REM is in trouble as well as mounting cost overruns are dampening any politcal currency it was bringing.
We just do not see any positives in the future for you, but a lot of negatives and history will show that we were correct with our predictions and those rose coloured predictions from SNC and Bombardier are slowly turning into a nightmare.

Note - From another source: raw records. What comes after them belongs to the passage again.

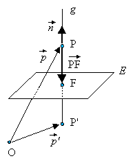 2. Es wird der Schnittpunkt F von g und E ermittelt. 3. Der Ortsvektor des Bildpunktes P' ergibt sich aus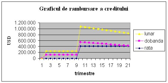 Imprumutul este acordat pe o perioada de cinci ani,cu doi ani de gratie( pe perioada respectiva nu se platesc ratele de credit, platindu-se doar dobanda).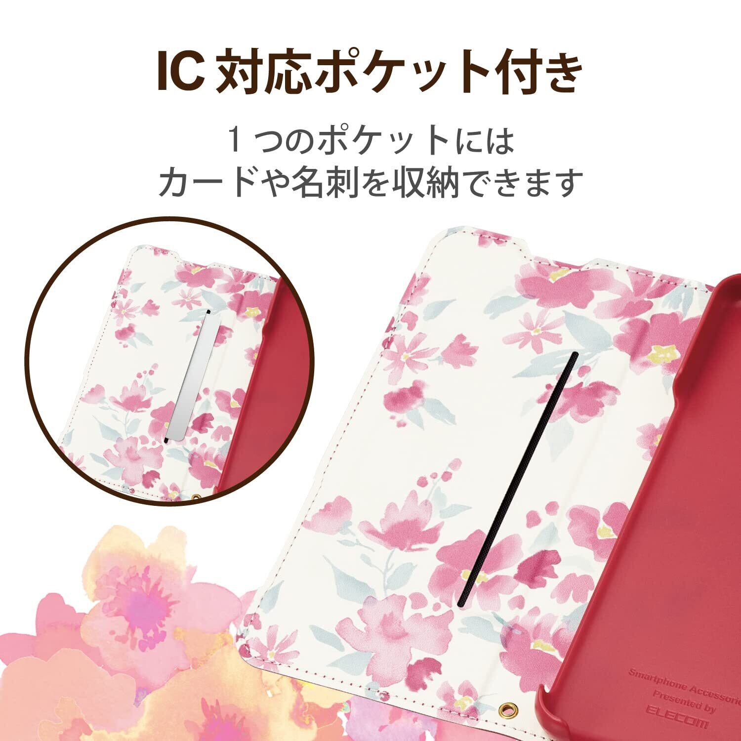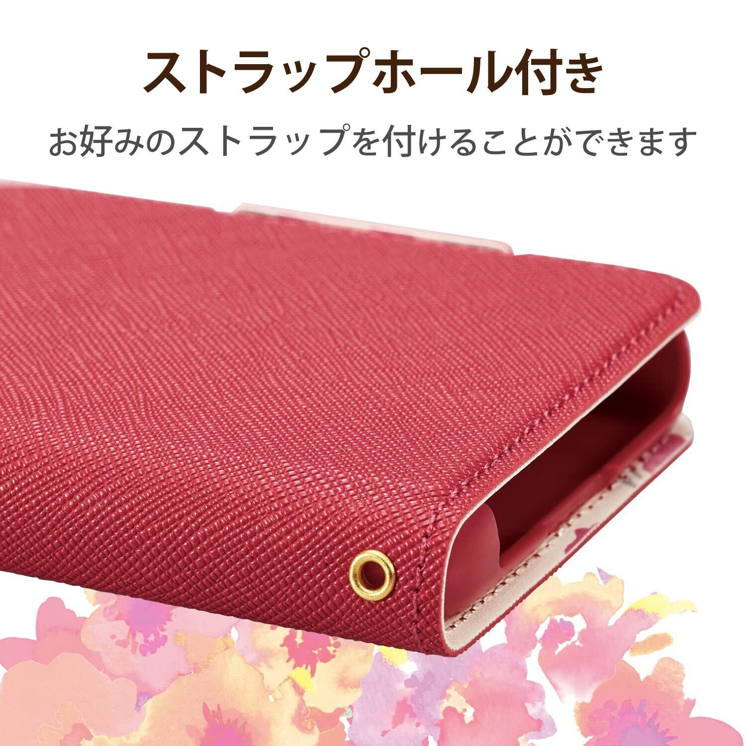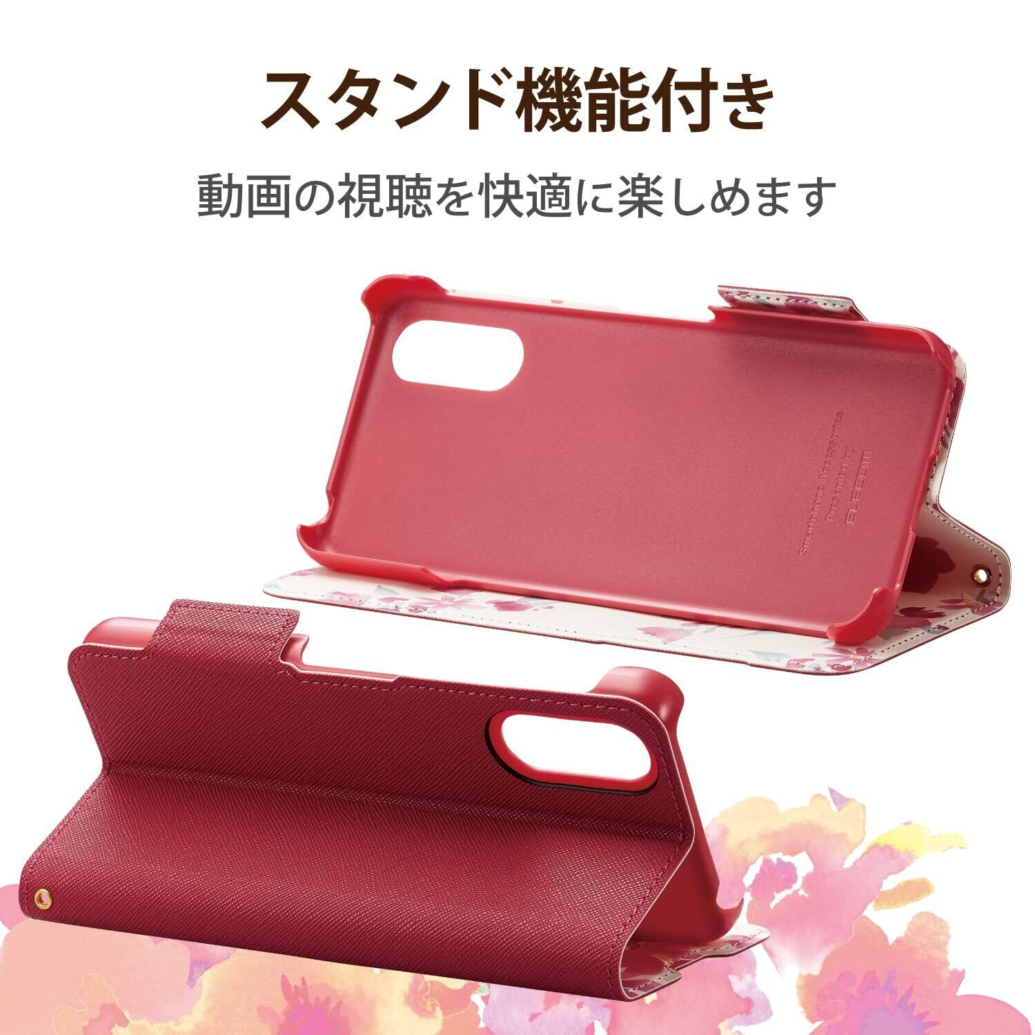 エレコム BASIO active (SHG09) / シンプルスマホ6 (A201SH) ケース カバー 手帳型 革 レザー 耐衝撃 マグネット付きフラップ 超軽量 薄型 花柄(ケース内側) ピンク PM-S224PLFUJPND | hananoki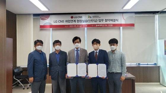 충북대학교(총장 김수갑) SW중심대학사업단이 오늘 5월 20일(금) 오후 2시에 충북대 E9동 103호에서 학생들에게 ‘취업연계현장실습(인턴십) 프로그램’을 제공하기 위해 ‘LG CNS와 취업연계현장실습 MOU’를 체결했다. 이날 행사에는 이건명 SW중심대학사업단장을 비롯해 박찬식 교수(SW산학협력센터장), 강재구 산학협력중점교수, 이준희 LG CNS 인사팀장, 문종열 인사담당이 참석했다.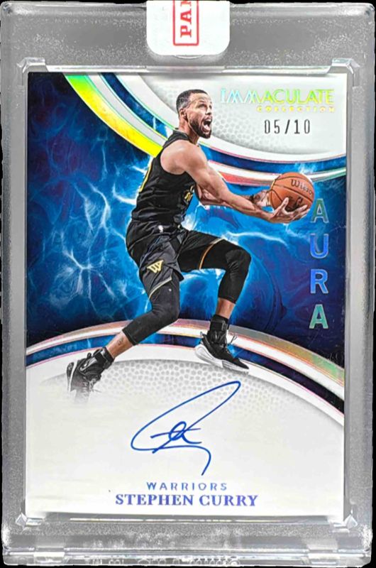 The Stephen Curry 2024 Immaculate #11 Immaculate Aura Signatures /10 card is 1 of 69 Stephen Curry's card variations in the 2024 Immaculate set being tracked by Sports Card Investor, including Base /99, Red /49, International Red /27, Blue /25, and Pink /15.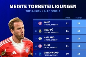 體育資訊10月20日訊 《轉(zhuǎn)會(huì)市場(chǎng)》統(tǒng)計(jì)了本賽季五大聯(lián)賽球員在俱樂部各項(xiàng)賽事的直接參與進(jìn)球總數(shù)情況,凱恩、姆巴佩、哈蘭德分列前三。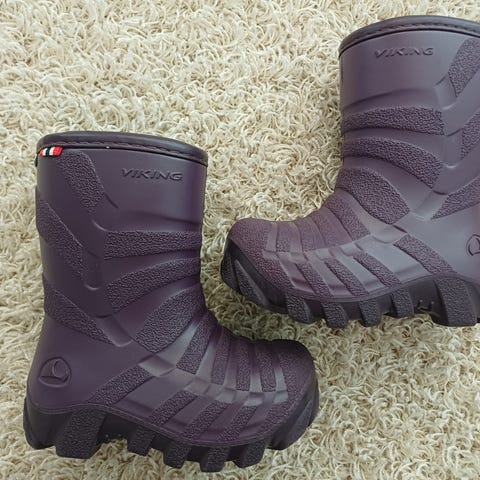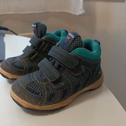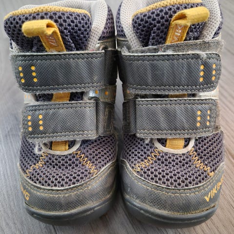 - Siniset Viking goterex-kengät, koko 22. Kärjissä heijastinkankaan kuluma näkyy kuvissa paljon selvemmin kuin luonnossa, muuten en huomannut kulumaa. Tarrat pitää hyvin.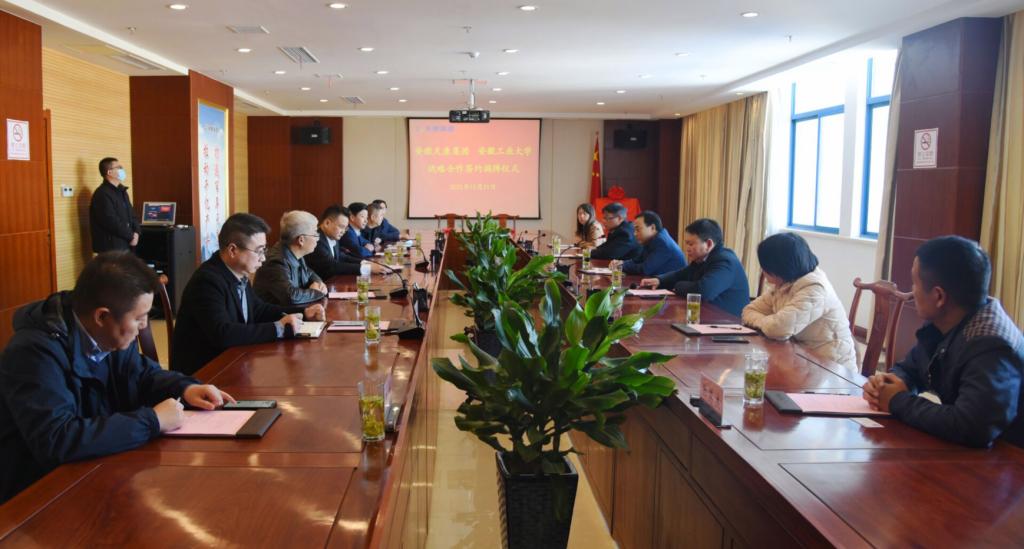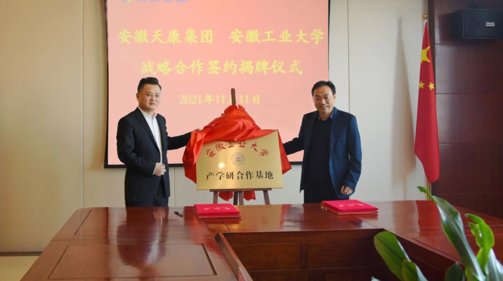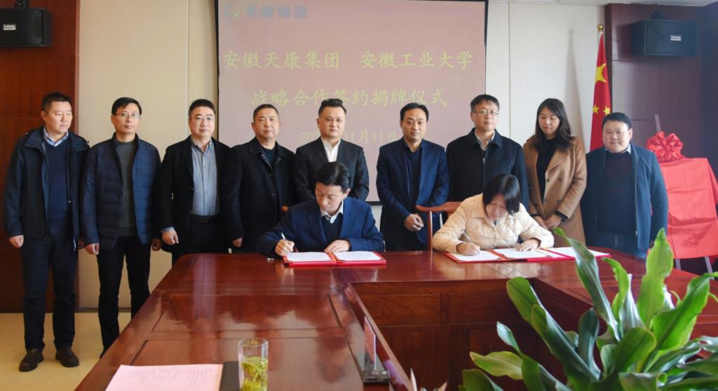院长王兵率队至安徽天康集团举行产学研合作签约与基地揭牌活动,安徽天康集团总经理毛文章、集团监事会主席李劲松出席签约仪式,学院测控系支部书记、系主任和骨干教师参加了对接活动。

To be clear, what I said was that most people in Surrey and Langley will be waiting until after 2030 before they will get any cash for stage 2 of their Skytrain extension from Fleetwood to Langley. UBC students and downtown residents will most likely get their money for the second stage of the Broadway Millennium Line extension from Arbutus to UBC, much sooner. It appears anything more than 1 extension at a time, post pandemic, is just too much for Translink to pay for their local share of each project. The problem is that all the Provincial and Federal Governments can’t keep covering the local costs for every rapid transit project in Canada. Choices will have to be made eventually.
As Waterloo Region ok’s the route and basic planning for the $1.3 Billion, 17km long Stage 2 extension of their LRT line from the end of stage 1 in southern Kitchener to downtown Cambridge and Ottawa’s stage 3 and 4 work get’s planned (stage 2 is currently under construction), these areas would love either the provincial or federal government to pick up all the local costs of their next line extensions. Waterloo Region at 35% of the total cost (Stage 1) and Ottawa (Stage 1 & 2) at 40% paid dearly to fund their local portions. Keeping in mind, both Ottawa and Waterloo got significantly more mileage per km for their LRT project dollars than Vancouver does with its Skytrain dollars. That being said, Ottawa will not be able to fund any more LRT extensions until 2030 because of their big financial commitment to stage 1 & 2 of its LRT network.
Zwei Replies: The funding issue, is something the SkyTrain Lobby ignore completely and as i said before the region can afford a new rapid transit line every decade or so. 2030 is a mere 9 years away!
If you been on the Skytrain. The Expo and Millenium lines overlapped each other between Production way and Lougheed stations. A transfer is just crossing the platform.